WHAT IS NEEDED -
The answer must consist only of the lines from the line with "ゾクゾク楽しい! すべての問" to the line with "Лента подходит для", both included, exactly as they stand below.

EXERCISE INPUT -
********

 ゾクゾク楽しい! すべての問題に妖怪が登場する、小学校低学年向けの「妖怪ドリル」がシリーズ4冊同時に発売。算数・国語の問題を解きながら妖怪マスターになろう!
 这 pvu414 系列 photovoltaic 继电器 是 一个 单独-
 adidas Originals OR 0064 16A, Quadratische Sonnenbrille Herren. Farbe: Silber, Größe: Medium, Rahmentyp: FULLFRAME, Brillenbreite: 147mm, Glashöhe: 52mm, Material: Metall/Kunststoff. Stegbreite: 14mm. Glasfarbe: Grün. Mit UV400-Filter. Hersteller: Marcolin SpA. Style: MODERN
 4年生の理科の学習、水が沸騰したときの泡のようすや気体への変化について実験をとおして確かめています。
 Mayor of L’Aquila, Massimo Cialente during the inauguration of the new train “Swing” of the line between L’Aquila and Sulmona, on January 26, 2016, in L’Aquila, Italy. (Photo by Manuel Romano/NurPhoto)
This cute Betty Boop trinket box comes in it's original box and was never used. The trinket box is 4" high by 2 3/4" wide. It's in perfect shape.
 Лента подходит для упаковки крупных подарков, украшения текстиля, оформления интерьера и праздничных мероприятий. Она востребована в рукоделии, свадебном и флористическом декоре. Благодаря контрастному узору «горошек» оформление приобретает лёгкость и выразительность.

********

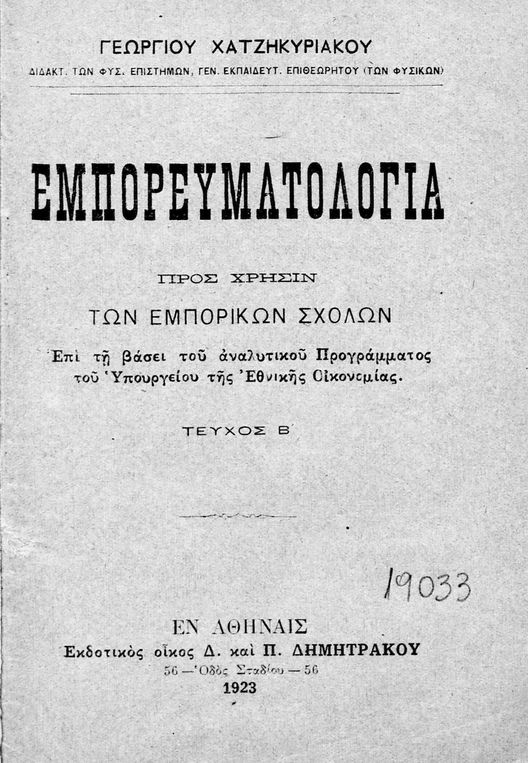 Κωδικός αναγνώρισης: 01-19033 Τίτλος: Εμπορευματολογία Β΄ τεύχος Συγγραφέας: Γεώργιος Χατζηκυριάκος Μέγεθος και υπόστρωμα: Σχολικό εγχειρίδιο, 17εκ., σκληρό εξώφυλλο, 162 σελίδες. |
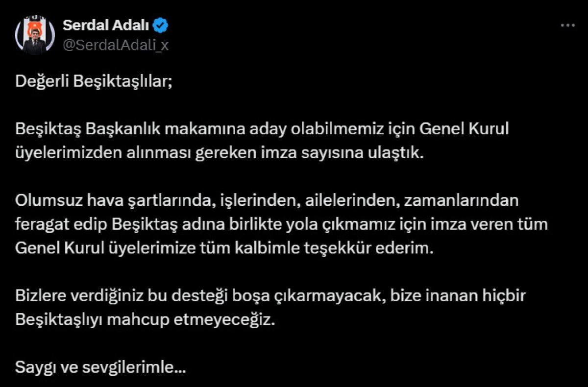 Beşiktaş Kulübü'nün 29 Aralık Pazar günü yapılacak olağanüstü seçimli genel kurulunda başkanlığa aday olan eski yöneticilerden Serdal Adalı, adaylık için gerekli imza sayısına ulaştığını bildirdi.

********

PROBLEM SOLUTION -
 ゾクゾク楽しい! すべての問題に妖怪が登場する、小学校低学年向けの「妖怪ドリル」がシリーズ4冊同時に発売。算数・国語の問題を解きながら妖怪マスターになろう!
 这 pvu414 系列 photovoltaic 继电器 是 一个 单独-
 adidas Originals OR 0064 16A, Quadratische Sonnenbrille Herren. Farbe: Silber, Größe: Medium, Rahmentyp: FULLFRAME, Brillenbreite: 147mm, Glashöhe: 52mm, Material: Metall/Kunststoff. Stegbreite: 14mm. Glasfarbe: Grün. Mit UV400-Filter. Hersteller: Marcolin SpA. Style: MODERN
 4年生の理科の学習、水が沸騰したときの泡のようすや気体への変化について実験をとおして確かめています。
 Mayor of L’Aquila, Massimo Cialente during the inauguration of the new train “Swing” of the line between L’Aquila and Sulmona, on January 26, 2016, in L’Aquila, Italy. (Photo by Manuel Romano/NurPhoto)
This cute Betty Boop trinket box comes in it's original box and was never used. The trinket box is 4" high by 2 3/4" wide. It's in perfect shape.
 Лента подходит для упаковки крупных подарков, украшения текстиля, оформления интерьера и праздничных мероприятий. Она востребована в рукоделии, свадебном и флористическом декоре. Благодаря контрастному узору «горошек» оформление приобретает лёгкость и выразительность.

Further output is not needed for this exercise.